В годы, последовавшие за моим трудным временем в школе, когда я поступила в Американский университет Бейрута, моя младшая, более жесткая и единственная сестра Ясмин побудила меня освоить искусство нанесения более эффектной подводки, научив меня сама, а позже прислав мне обучающие ролики с YouTube. Так я прошла путь от подводки под глазами до полноценного "кошачьего глаза" - чем чернее, тем лучше. На верхние веки я наносила самую дешевую западную жидкую подводку, которую можно было найти в местных аптеках, обычно Maybelline, а по линии глаз - привезенный из Пакистана на сидонские базары кайал Hashmi Kajal. К двадцати годам мое преображение было полным: Я сменила свободную одежду на мини-юбки, учебники по биологии - на Ницше и Эдварда Саида, а выпрямленные волосы - на буфет, который в разные годы был то русым, то черным, то светлым.
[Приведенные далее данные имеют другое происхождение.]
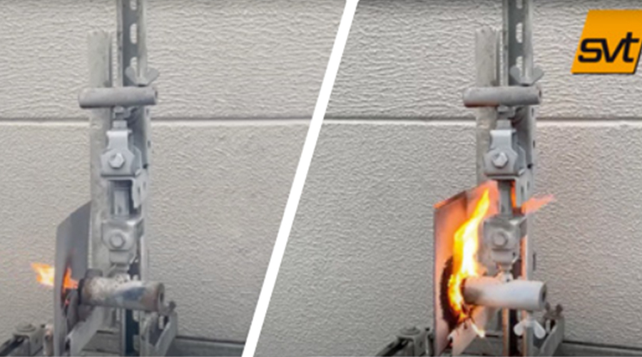 大連義邦引入SVT輕薄型膨脹防火涂料,是一種特制的防火涂層,涂敷于動力電池包的內壁或殼體上,用于電池包內部以及外部的火燒保護,當暴露在1200?C 的明火條件下,瞬間膨脹超過自身厚度25倍以上,僅使用1毫米厚并且是1層的SVT涂層,即可將面板未暴露面(背面)的溫度保持并穩定在150 ?C以內,并且滿足國內行業需求滿足30分鐘的防火要求。并且,火燒后產生的膨脹層依然保持高絕緣性能。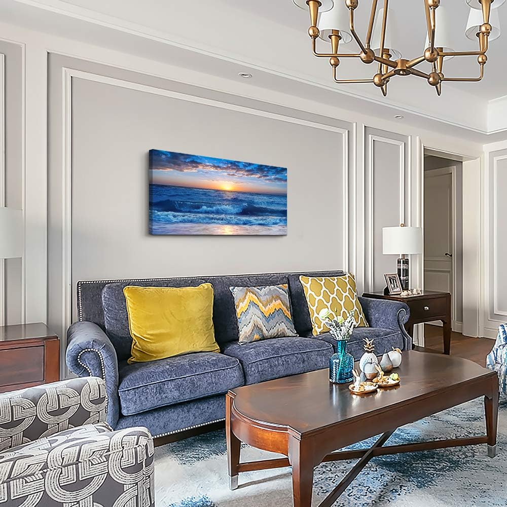 Canvas wall art for living room Blue Ocean Sea sun landscape painting bathroom Wall Decor Ready to Hang for Home Decorations office family bedroom kitchen Works canvas Prints pictures 30" x 60"inch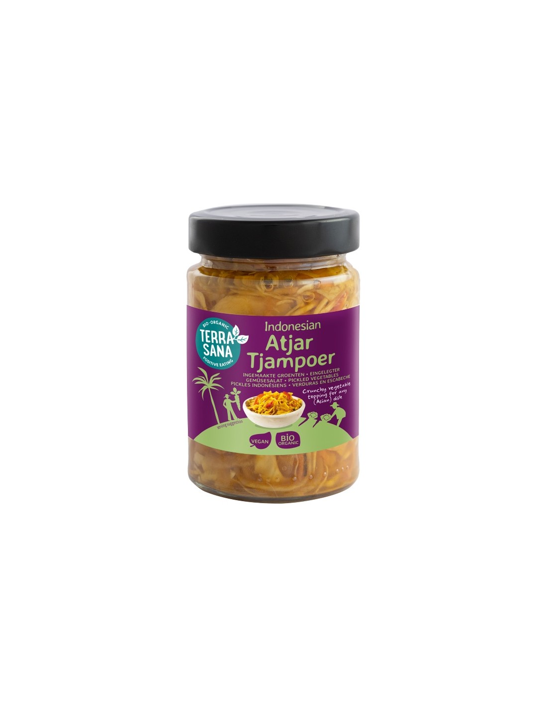 Descubre el sabor único del Atjar Tjampoer Kimchi Indonesio de TERRASANA, una deliciosa mezcla fermentada que combina tradición y frescura. Perfecto para acompañar tus platos favoritos, este kimchi ofrece un toque picante y ácido que realza cualquier comida. Elaborado con ingredientes naturales y de alta calidad, es ideal para quienes buscan una opción saludable y llena de sabor. Añade un toque exótico y nutritivo a tu cocina con TERRASANA, la marca que cuida cada detalle para brindarte lo mejor.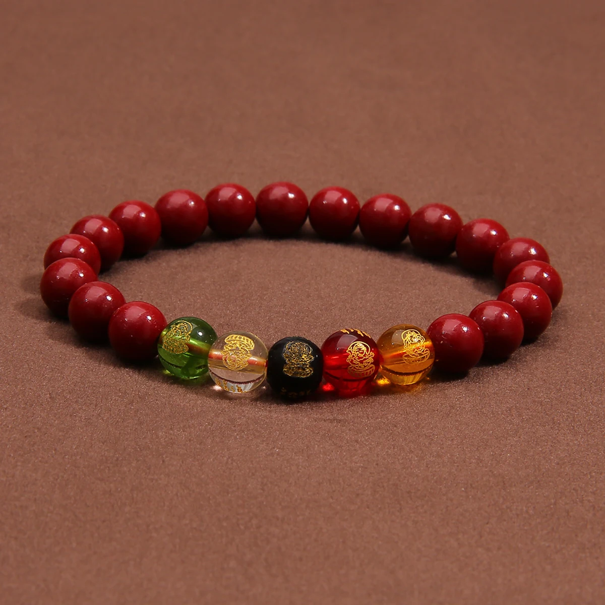 Hot Sales Fashion Purple Gold Sand Beads Cinnabar Five Way Wealth Bracelet Women Jewelry Bangles Ornament Bracelet for Unisex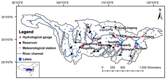 Study area, and locations of hydrological gauges, meteorological stations, and major reservoirs.

Я создала для себя два мира, которые упорно старалась не столкнуть. В Южном Ливане я была традиционной дочерью своих родителей. Но в Бейруте я экспериментировала со своей внешностью и убеждениями. Время от времени эти два мира просачивались друг в друга: Я забывала снять пирсинг в носу, когда приезжала домой на выходные, или вскользь говорила, что верю в гражданский брак. К этому времени я уже отвергла европоцентристские нормы красоты и приняла подводку для глаз и колер как выражение своей идентичности, в том числе и благодаря Нефертити. Подводка для глаз, казалось, придавала мне ощущение силы, напоминающее власть царицы. Моя религиозная мать была не в восторге от этой физической и интеллектуальной трансформации: однажды она перестала разговаривать со мной на несколько дней после того, как увидела на Facebook мою фотографию в бикини (с тех пор она простила этот проступок). Я была так предана своей подводке, что обходилась без нее только когда возвращалась в Сидон из Бейрута на выходные и когда переживала непростые приступы депрессии.